McCoury started out by respecting his elders, too. In 1950 he was an 11 year old boy living on a Pennsylvania dairy farm when he had his first taste of Earl Scruggs. He hasn’t been the same since. “He put me on fire for music,” McCoury says. “Later on, everybody else was crazy about Elvis, but I loved Earl.” McCoury worked in a string of Baltimore honkytonks before signing up as a Bluegrass Boy with Bill Monroe in 1963. But eventually Pennsylvania called him home again and there he turned his attention to raising his family, earning his living in construction and logging while continuing to travel the bluegrass circuit, never straying far from his first love. Through the years he recorded the occasional brilliant album (like 1972’s High On a Mountain), but it wasn’t until 1992 that everything meshed perfectly for McCoury, when he formed the Del McCoury Band. By the mid-90s the group had released three albums that are now gaining momentum as modern classics: Blue Side of Town (1992), Deeper Shade of Blue (1993), and Cold Hard Facts (1996). Suddenly the Del McCoury Band was the toast of the Nashville bluegrass scene and McCoury found himself being an ambassador for the music he has loved all his life.
“I’ve played music forever but it all just seemed to come together in the last ten years or so,” McCoury says. “The thing is, I’ve never changed my style at all. I’ve always done my own thing, always had confidence in myself. I always knew that someone would like my sound.”

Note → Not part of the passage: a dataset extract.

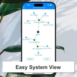 Deze Extender is geen gewone repeater. Hij breidt een Zigbee Mesh-netwerk uit dat speciaal is ontworpen voor betrouwbare, energiezuinige communicatie tussen slimme irrigatie-apparaten. In grote tuinen of op heuvelachtig terrein zorgt de Extender ervoor dat je ventielen en sensoren altijd verbonden blijven, zodat je watermanagement consistent en efficiënt blijft.
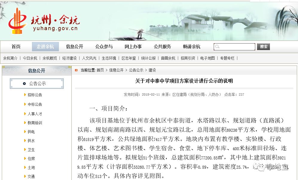 【规划】余杭中泰中学方案公示,占地93亩,规划51班

McCoury says that new fans of bluegrass are spreading the word about the music. “Young people are just wild about bluegrass. This music has grit and young people like that. The general public hears something real in bluegrass. That’s why it’s more popular than ever, I believe.”

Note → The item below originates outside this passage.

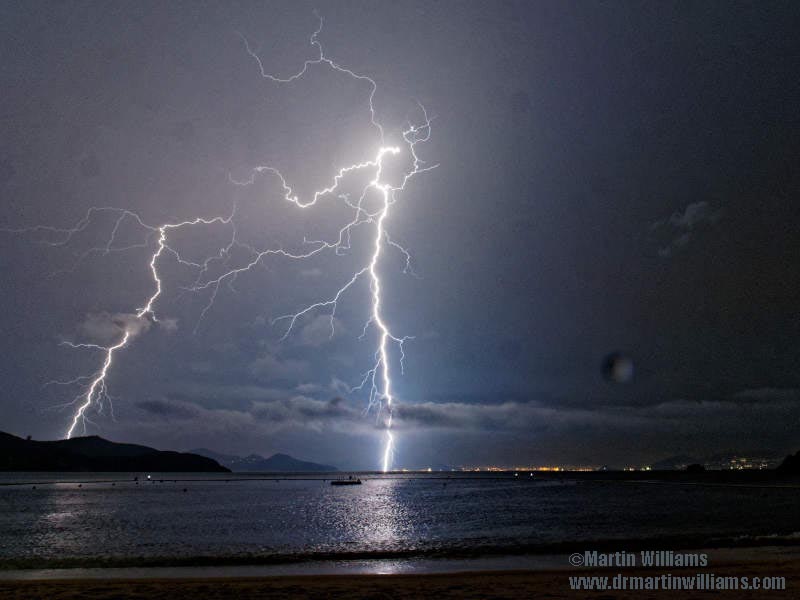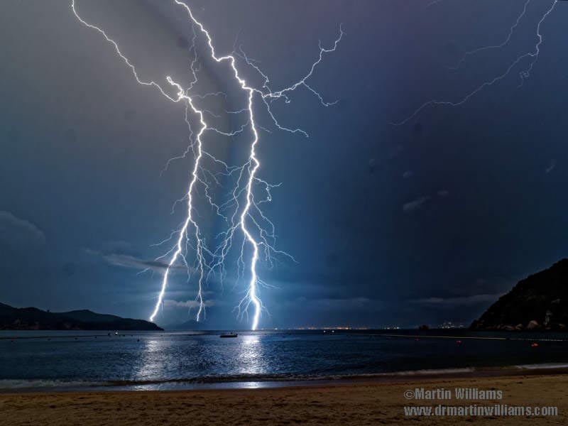 Striking lightning bolts as seen from Cheung Chau. Photo: Martin Williams/HK Outdoors

McCoury is also blessed to be one of the few bluegrass artists who has some semblance of control over his musical legacy, a rare feat in any musical genre. Over the last few years McCoury has been patiently reclaiming his rights to old masters and copyrights. He also started his own label in 2003. “That’s a big job,” McCoury says, “but this way I’ll have something to pass onto my kids and grandkids. That’s important.”
In the end, McCoury is protecting the two things he cherishes the most: his family and the gift of music. “I just love to sing,” he says. “Man, this music just really tells it like it is, and I like that.”